Teriak wanita paruh baya itu ketika melihat wajan diatas perapian sudah mengepul asap hitam karena saking besarnya api kemudian mereka beramai-ramai mengambil air lalu segera menyiramnya sebelum api semakin besar dan melahap bangunan lain. Gia yang sebelumnya asyik dengan ponselnya tak menyadari itu meskipun ia sempat mencium aroma tak sedap.
"Gia, apa yang kamu lakukan? kamu hampir saja membakar rumah ini?" Tania langsung memarahi gadis itu.
"Bukan aku tapi apinya saja yang terlalu besar, lagipula jika terbakar jangan khawatir akan ku ganti dengan yang baru." sahut Gia dengan santai padahal hampir saja menghanguskan rumah orang.
"Dasar sok kaya," Tania menatapnya kesal.
"Oh astaga, ini telurnya kamu jadikan satu?" Nyonya Nala nampak melotot ketika melihat tumpukan telur gosong diatas wajan tersebut.

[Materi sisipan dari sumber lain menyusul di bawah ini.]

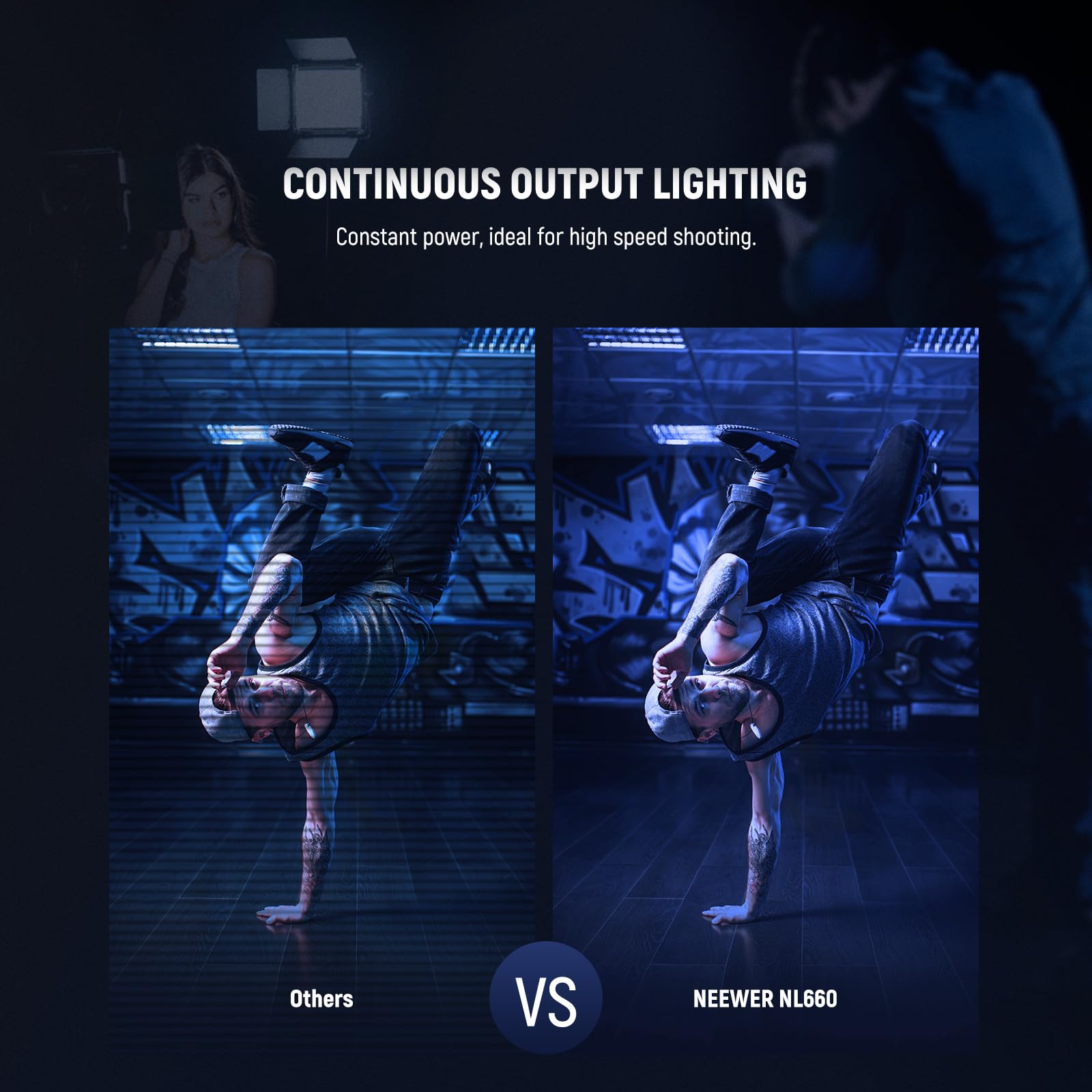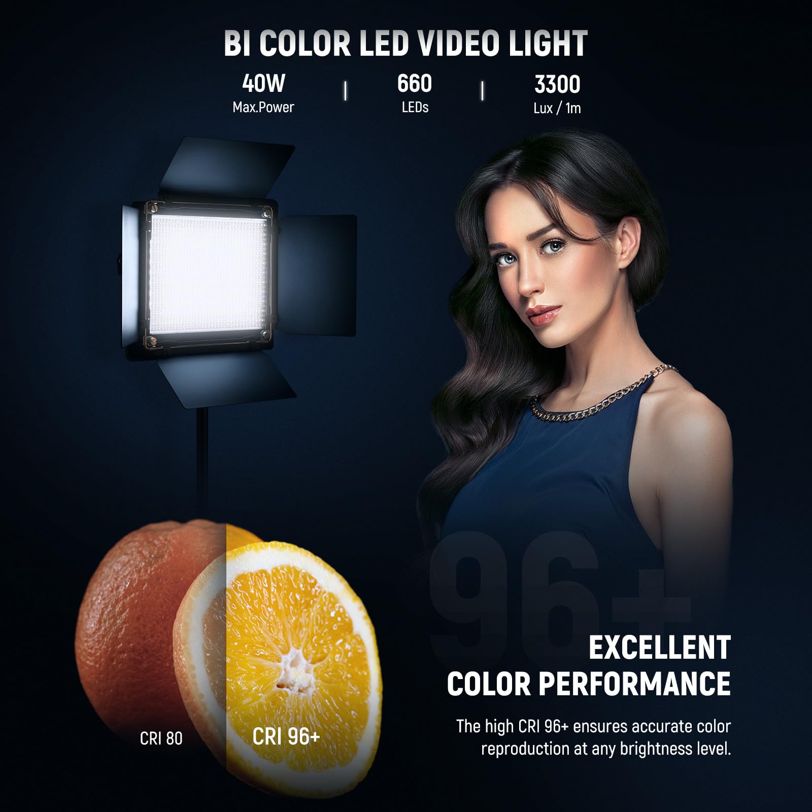 【Bi Color LED Video Light】 NEEWER NL660 features 330 warm white and 330 cool white LEDs that emit up to 3300lx/1m, offering ample brightness for professional studio photography. The 3200K-5600K enables seamless switching from 3200K Tungsten to 5600K Daylight, along with 0-100% dimming range, and CRI96+ for true to life color reproduction. Ideal key / soft fill lighting equipment for video podcasts, studio photoshoots, interviews, camera product photos, portrait, live streaming, barber, etc

"Tentu saja bukankah bibi menyuruhku memasak semuanya?" sahut Gia dengan wajah tak bersalahnya bahkan kini nampak tersenyum lebar seperti tak ada dosa.
Nyonya Nala langsung menghela napas panjangnya, sebenarnya apa yang bisa gadis itu lakukan? semua pekerjaan rumah sama sekali tidak bisa dilakukannya, mulai dari menyapu, mengepel, mencuci bahkan memasak.
"Sudah-sudah, kamu juga salah Nala didalam ada kompor kenapa menggunakan kayu bakar." tegur kakek Hadikusumo.
"Sekarang bersihkan dirimu nak!" imbuhnya beralih menatap kearah Gia yang masih mengenakan piyamanya dengan sebagian wajah sedikit menghitam karena terkena asap.
"Tentu saja kek terima kasih," Gia pun segera berlalu pergi dari sana dengan riang gembira karena pada akhirnya sudah tak ada lagi tugas untuknya padahal jika di rumahnya mungkin saat ini ia masih bergelung dengan kasur empuknya.
Hari yang sangat lelah pikirnya bahkan baru setengah hari di rumah ini rasanya seperti setahun, kemudian setelah membersihkan dirinya gadis itu pun nampak menghubungi kedua orang tuanya namun lagi-lagi tak bisa lalu mencoba menghubungi kedua temannya juga tak bisa tersambung. Sebenarnya jaringan internet yang susah atau mereka yang tak bisa di hubungi?
Karena lelah akhirnya gadis itu pun langsung tertidur, apakah menikah sesulit ini?
Siang harinya terdengar ketukan pintu dari luar dan Gia yang tertidur pulas sontak membuka matanya.
"Nak Gia, ayo makan siang!"
Terdengar suara kakek Hadikusumo dan itu membuat gadis itu segera beranjak bangun. "Sebentar!" sahutnya lalu setelah merapikan rambutnya ia pun segera keluar dari kamarnya.
Rupanya semua sudah berkumpul di meja makan termasuk sang suami yang entah sejak kapan pria itu kembali dari kota.
"Oh astaga?"
Nyonya Nala langsung melotot ketika melihat menantunya itu datang dan itu membuat yang lainnya juga sontak menoleh kearah gadis itu.
Bagaimana tidak, siang itu Gia nampak mengenakan rok pendek dengan atasan crop top yang menampakkan pusarnya dengan rambut dicepolnya keatas hingga membuat kakek Hadikusumo langsung mengalihkan pandangannya begitu juga dengan Gio namun tidak dengan Jordi yang seakan menikmati pemandangan dihadapannya tersebut tapi sang istri langsung mencubit pahanya dengan kencang.
"Maaf aku terlambat," ucap Gia seraya menarik kursi disebelah sang suami tanpa mempedulikan tatapan semua orang akan penampilannya.
"A-apa kamu tidak ada pakaian lain?"
Tentu saja nyonya Nala langsung murka, di kampungnya masih sangat menjunjung tinggi kesopanan dalam berpakaian bahkan kebanyakan dari mereka selalu memakai pakaian panjang hingga semata kaki.
"Memang ada apa dengan pakaian ku?" Gia justru nampak memutar tubuhnya memperlihatkan penampilannya tersebut hingga membuat Jordi hampir saja meneteskan air liurnya jika saja Gio tak segera beranjak dari duduknya lantas mengangkat tubuh sang istri bak karung beras dan dibawanya kembali ke kamarnya.
"A-apa yang kamu lakukan? lepaskan aku!" Gia terus saja memukuli punggung pria itu meskipun itu tak berarti apapun.